#### [Given data]
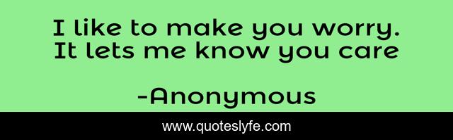 This page presents the quote "I like to make you worry. It lets me know you care". Author of this quote is Anonymous. This quote is about caring, enthusiasm, worrying, inspirational, loving,.
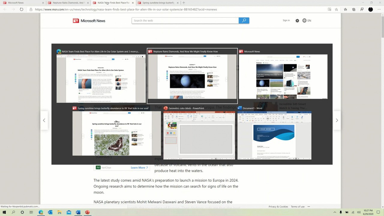アプリとサイト間のALT + TAB: Microsoft Edgeで開いているすべてのタブが、Alt + Tabにも表示されるようになった。「設定 > システム > マルチタスク」に設定が追加され、表示するタブを3つまたは5つに制限したり、この機能を完全にオフにする事もできる。
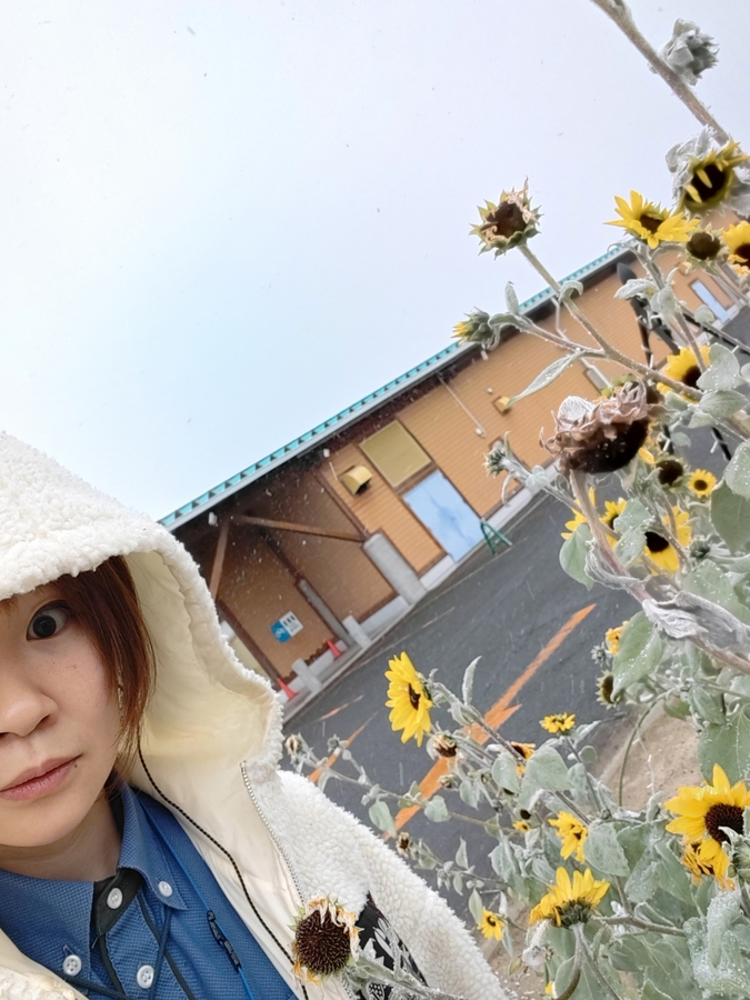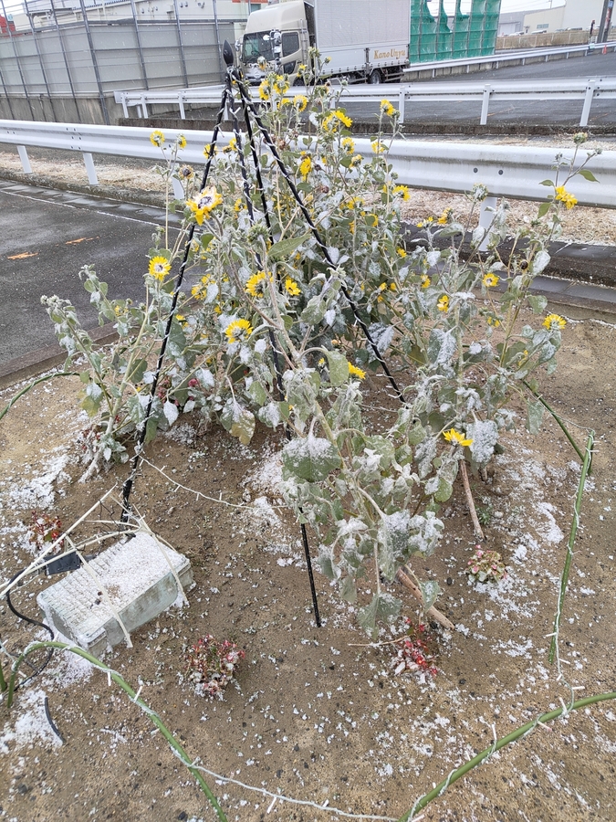 雪が降ってもダイナムのヒマワリは元気いっぱい![]()

#### [What you will do]
Starting with the line that contains "アプリとサイト間のALT + TAB: Microsoft", reproduce every line to the end of the material above, both end lines included, exactly and with no pictures.

#### [Written response]
アプリとサイト間のALT + TAB: Microsoft Edgeで開いているすべてのタブが、Alt + Tabにも表示されるようになった。「設定 > システム > マルチタスク」に設定が追加され、表示するタブを3つまたは5つに制限したり、この機能を完全にオフにする事もできる。
 雪が降ってもダイナムのヒマワリは元気いっぱい![]()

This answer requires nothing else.